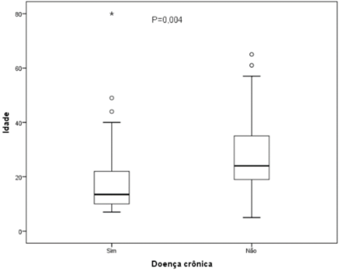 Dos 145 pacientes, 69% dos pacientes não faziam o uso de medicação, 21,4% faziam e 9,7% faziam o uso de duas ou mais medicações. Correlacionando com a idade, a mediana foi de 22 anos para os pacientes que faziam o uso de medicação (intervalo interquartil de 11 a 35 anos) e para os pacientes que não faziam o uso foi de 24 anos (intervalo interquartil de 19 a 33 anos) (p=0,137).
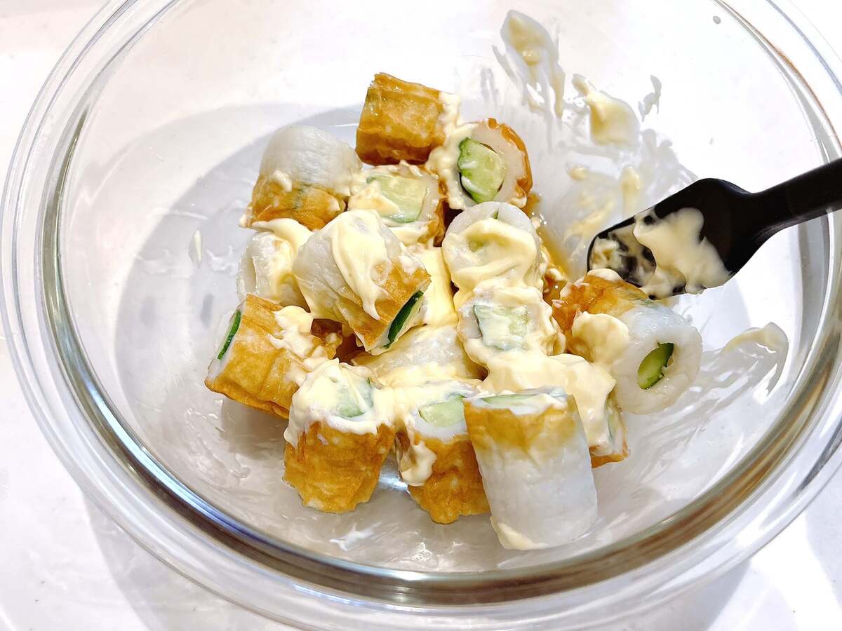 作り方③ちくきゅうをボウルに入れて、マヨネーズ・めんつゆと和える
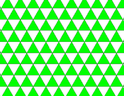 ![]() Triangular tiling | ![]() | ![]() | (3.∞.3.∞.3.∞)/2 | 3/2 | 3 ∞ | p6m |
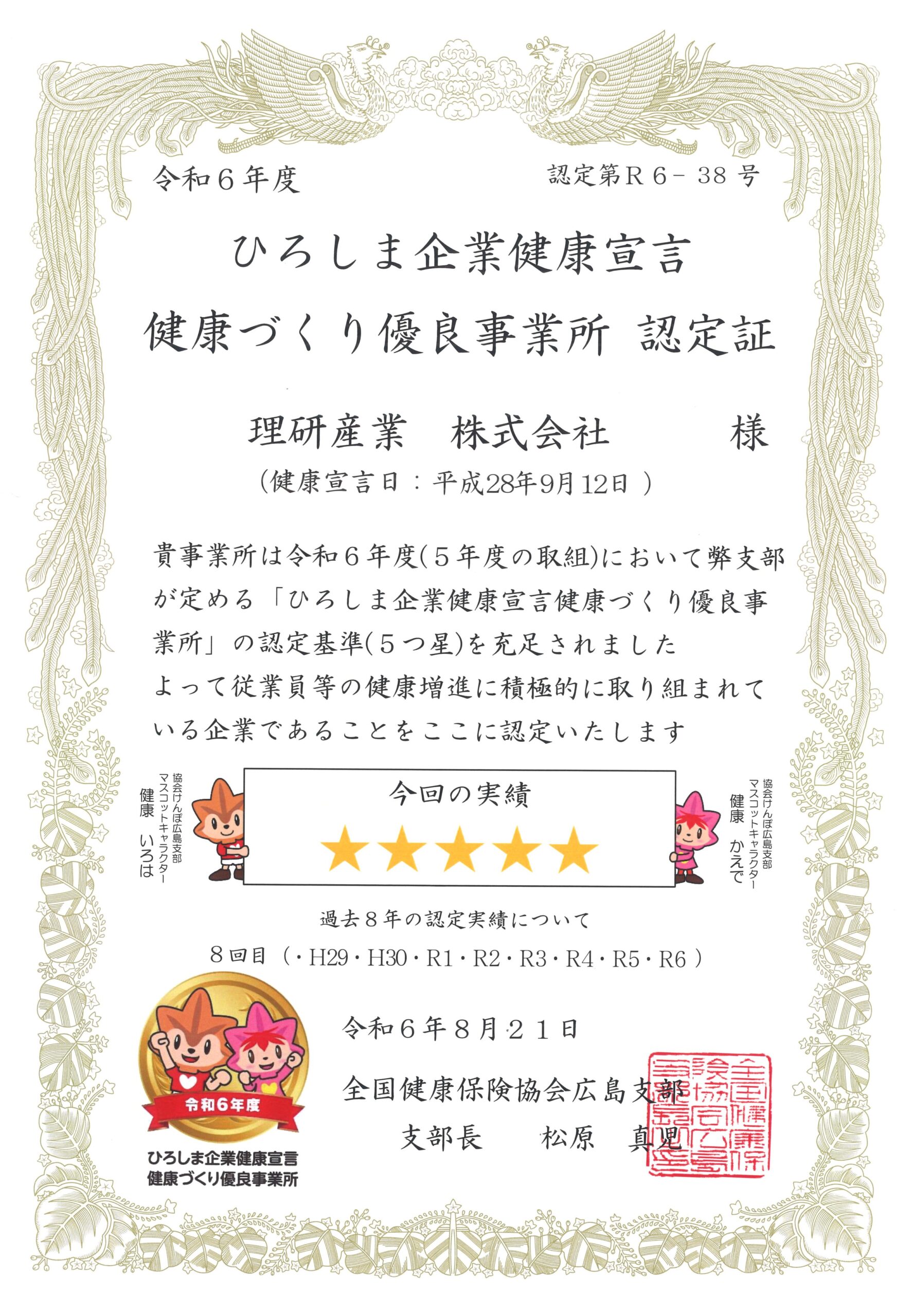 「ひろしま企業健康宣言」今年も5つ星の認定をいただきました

--

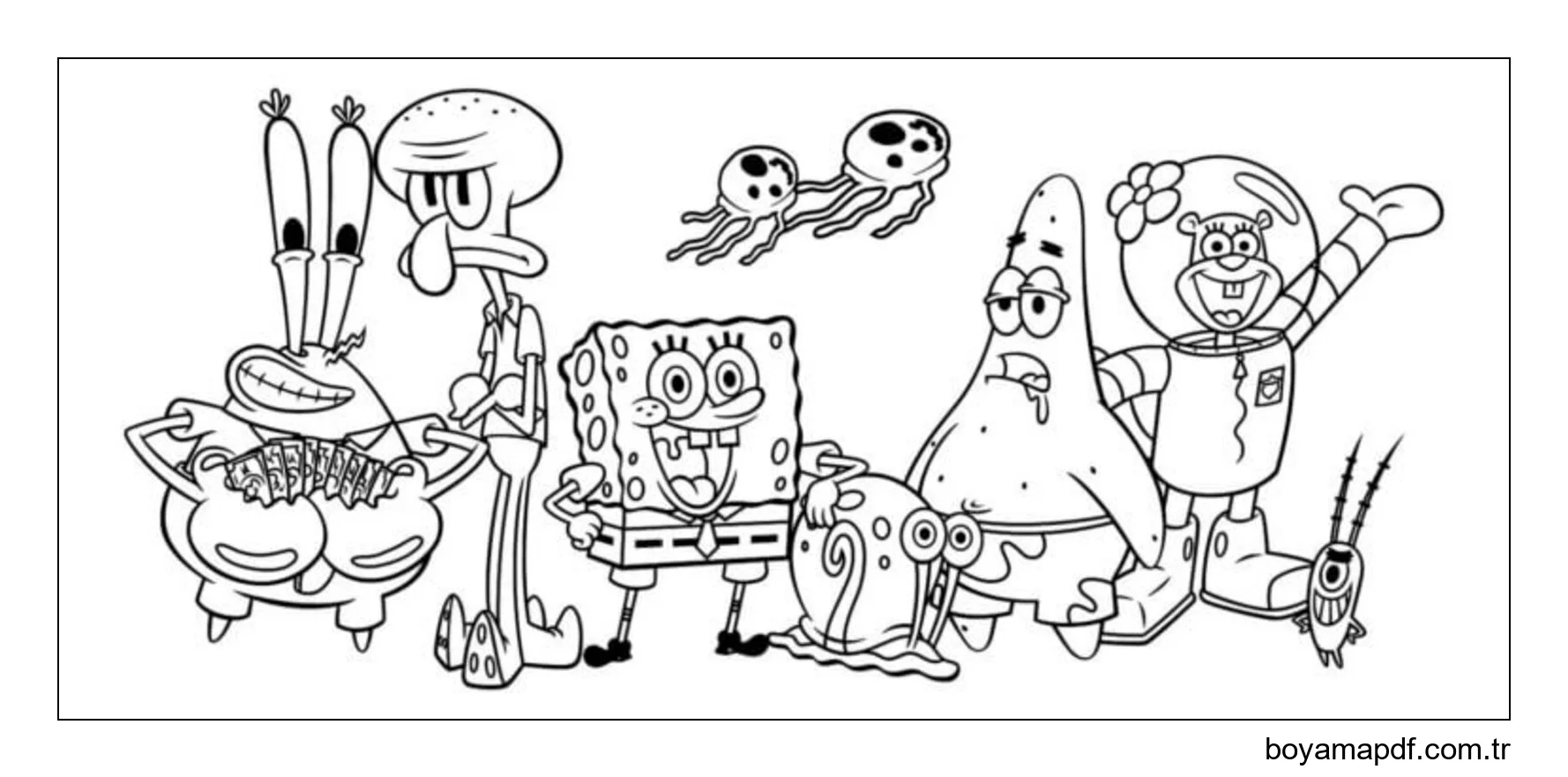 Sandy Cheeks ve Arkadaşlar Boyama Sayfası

Requirement: Restate the lines above from the one containing "Dos 145 pacientes, 69%" through the one containing "作り方③ちくきゅうをボウルに入れて、マヨネーズ・めんつゆと和える", inclusive, exactly and without pictures.

Exercise result:
 Dos 145 pacientes, 69% dos pacientes não faziam o uso de medicação, 21,4% faziam e 9,7% faziam o uso de duas ou mais medicações. Correlacionando com a idade, a mediana foi de 22 anos para os pacientes que faziam o uso de medicação (intervalo interquartil de 11 a 35 anos) e para os pacientes que não faziam o uso foi de 24 anos (intervalo interquartil de 19 a 33 anos) (p=0,137).
 作り方③ちくきゅうをボウルに入れて、マヨネーズ・めんつゆと和える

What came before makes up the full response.